## THE DATA

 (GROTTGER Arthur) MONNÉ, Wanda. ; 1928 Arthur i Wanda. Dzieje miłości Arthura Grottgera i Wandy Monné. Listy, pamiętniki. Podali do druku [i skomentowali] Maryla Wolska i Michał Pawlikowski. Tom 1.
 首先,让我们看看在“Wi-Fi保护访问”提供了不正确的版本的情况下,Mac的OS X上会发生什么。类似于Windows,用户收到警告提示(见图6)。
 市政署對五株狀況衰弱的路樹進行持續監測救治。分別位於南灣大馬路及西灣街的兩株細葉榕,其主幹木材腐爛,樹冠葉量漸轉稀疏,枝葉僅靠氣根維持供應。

==

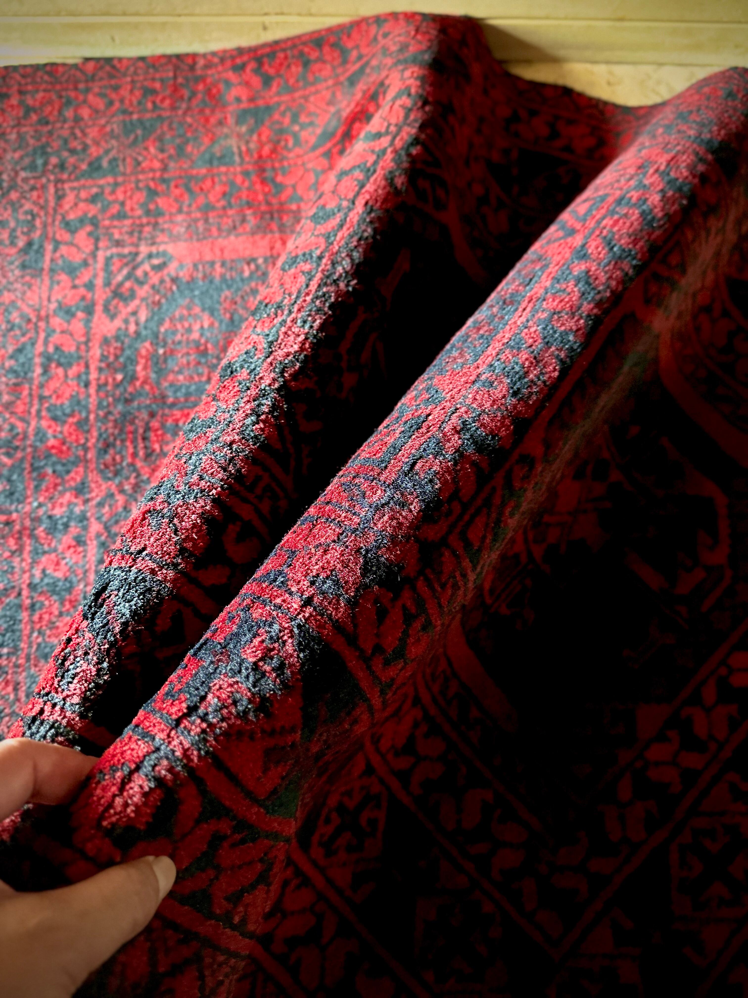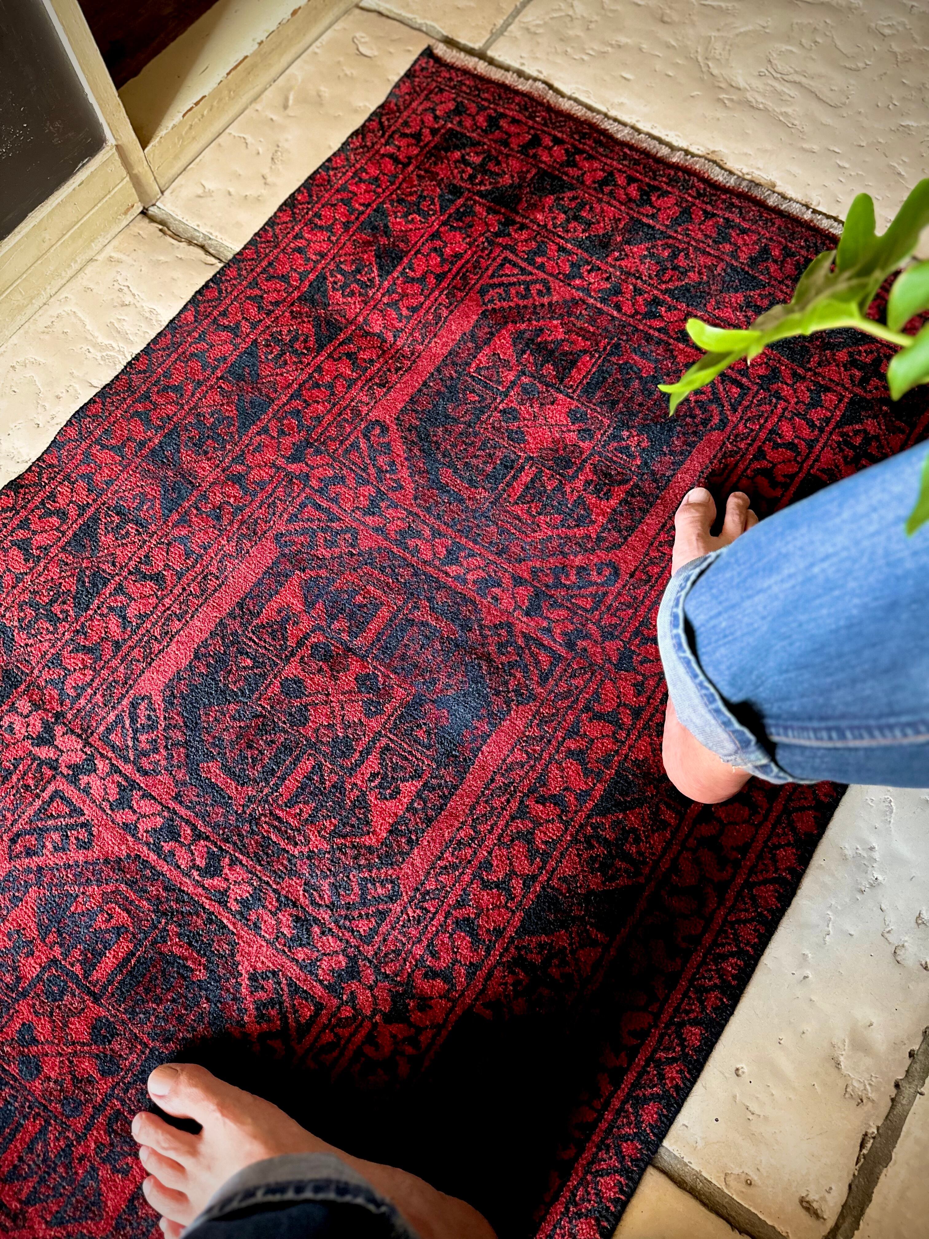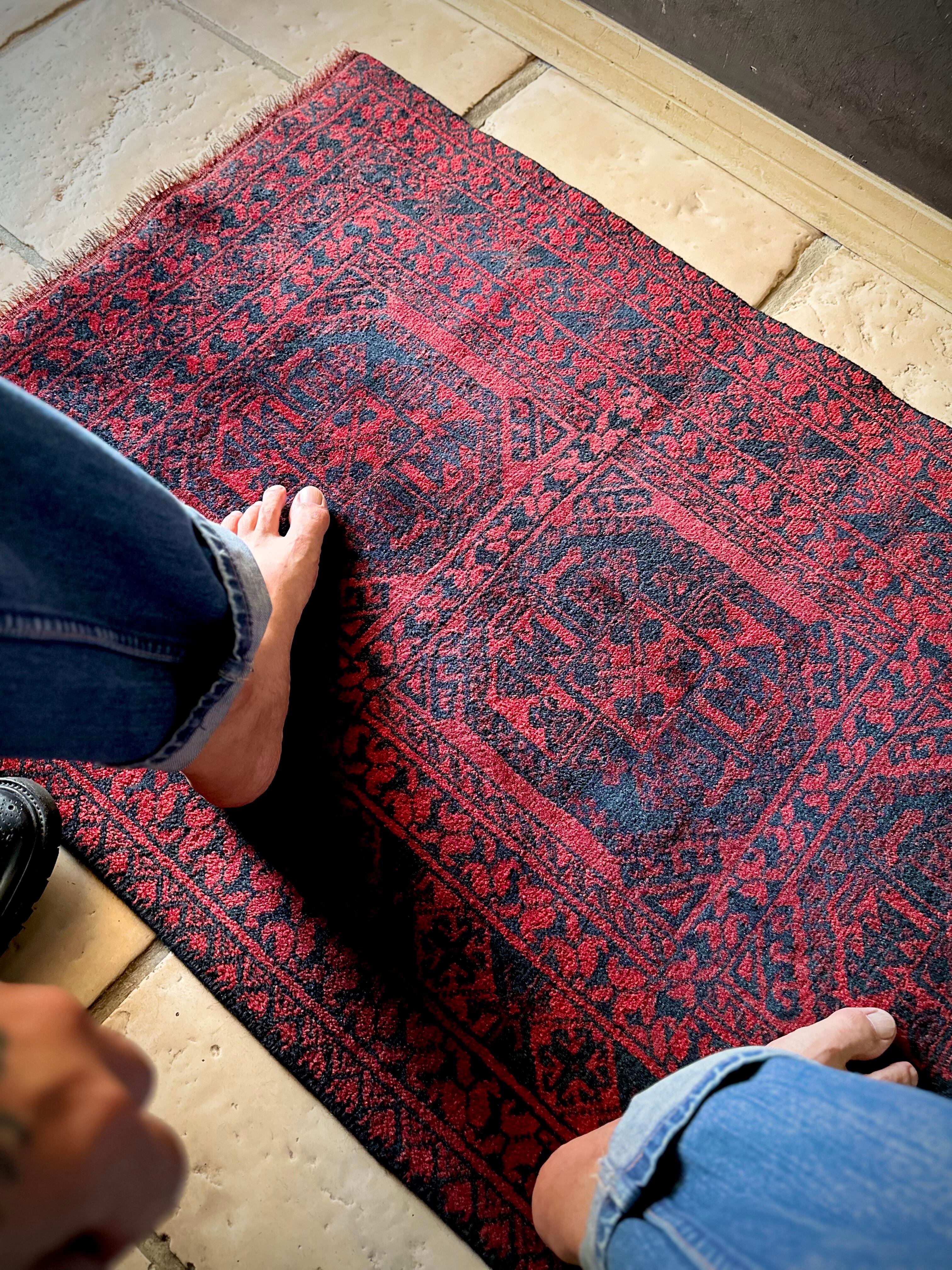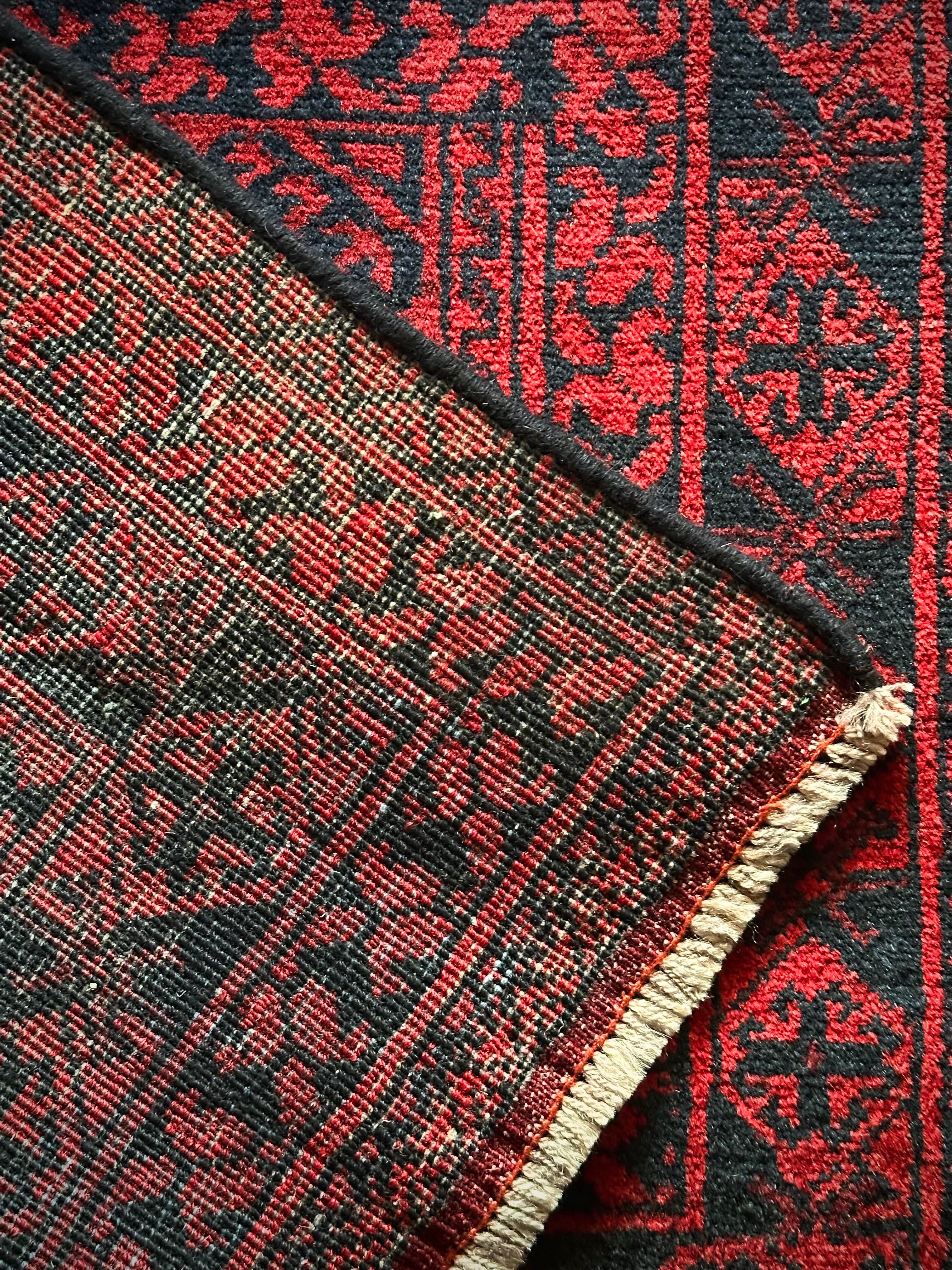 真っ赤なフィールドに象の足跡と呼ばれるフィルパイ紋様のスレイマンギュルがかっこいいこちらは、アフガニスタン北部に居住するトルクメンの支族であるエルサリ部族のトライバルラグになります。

## EXERCISE PROMPT
Could you set down, word for word, only the lines above from the line with "(GROTTGER Arthur) MONNÉ, Wanda." to the line with "市政署對五株狀況衰弱的路樹進", including both?

## TASK RESULT
 (GROTTGER Arthur) MONNÉ, Wanda. ; 1928 Arthur i Wanda. Dzieje miłości Arthura Grottgera i Wandy Monné. Listy, pamiętniki. Podali do druku [i skomentowali] Maryla Wolska i Michał Pawlikowski. Tom 1.
 首先,让我们看看在“Wi-Fi保护访问”提供了不正确的版本的情况下,Mac的OS X上会发生什么。类似于Windows,用户收到警告提示(见图6)。
 市政署對五株狀況衰弱的路樹進行持續監測救治。分別位於南灣大馬路及西灣街的兩株細葉榕,其主幹木材腐爛,樹冠葉量漸轉稀疏,枝葉僅靠氣根維持供應。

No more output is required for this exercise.